The above makes comma elision (as proposed) much more complex and confusing than semicolon elision (as can be seen from much of the discussion here).

However, note that comma elision would be exactly as straight forward as semicolon elision if we restricted it so that it was "only" allowed for:

  • dictionary literals
  • fully-labeled argument lists
  • parameter lists (unlabeled params still have eg _ arg: so they're ok)
  • fully-labeled tuples

That is, comma elision would only be allowed in contexts where commas are truly redundant (the labels/keys and colon makes them so), and (afaics) this way all commas could be elided without ambiguities, not only the ones at the end of a line.

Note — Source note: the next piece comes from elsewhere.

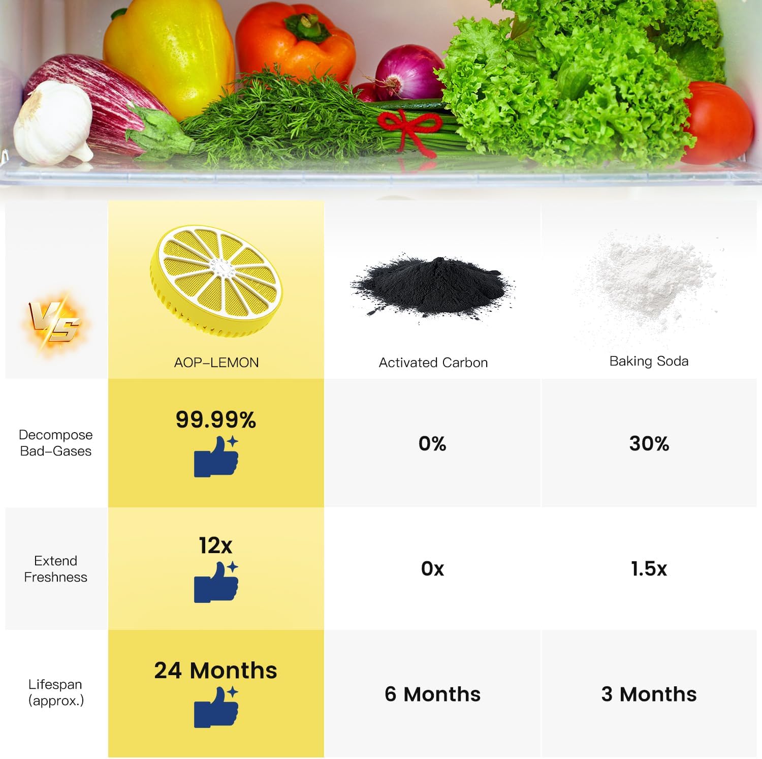 - Advanced Refrigerator Deodorizer β Destroy Fridge Odors Naturally: Lab-tested AOP-KF Solid Alkali Technology absorbs and neutralizes stubborn kitchen odors (fish, spoiled milk, garlic) β no masking, zero residue.

Since the label/key and colon is effectively, well not strictly a separator, but rather a "bullet point" or introduction to each item, perhaps array literals and other un- or partially labeled constructs could be allowed provided they too used an item-introducing colon even for the unlabeled items:

let a: [SomeEnum] = [
  _: .foo
         .bar
  _: .bar
  _: .foo.bar.foo
         .bar.foo.bar
  _: foo _: foo.bar _: foo
]

print(
    _: "Hello"
    _: "world"
    separator: ", " // ;-)
    terminator: "!\n"
)

func dividingClosed(
    _ other: Polycurve
    straightIntersections: Bool = false
    threshold: Float = 1/64
) -> (
    inside: [Polycurve]
    outside: [Polycurve]
    intersections: [Float]
)
{
    ...
}

let package = Package(
    name: "Paper"
    products: [
        _: .executable(name: "tool" targets: ["tool"])
        _: .library(name: "Paper" targets: ["Paper"])
    ...

(No, the _: is not pretty, I agree, it's just a first attempt to come up with something that makes my envisioned more consistent comma elision work also for unlabeled constructs.)

Thanks for calling this out here. The proposed change does only cover the elision of commas from expression lists, not all comma separated lists.

Speaking personally, that sounds like a reasonable modification for the core team to consider.

1 Like

I agree with this as well. It would be my preference to see all comma-separated lists treated consistently throughout the language.

Problem is, that all comma separated lists throughout the language are not equally possible to treat consistently.

As mentioned above, the only ones that can be unambiguously treated are those whose items are reduntantly comma separated, ie the ones in which each item is preceded by a (label/key and) colon.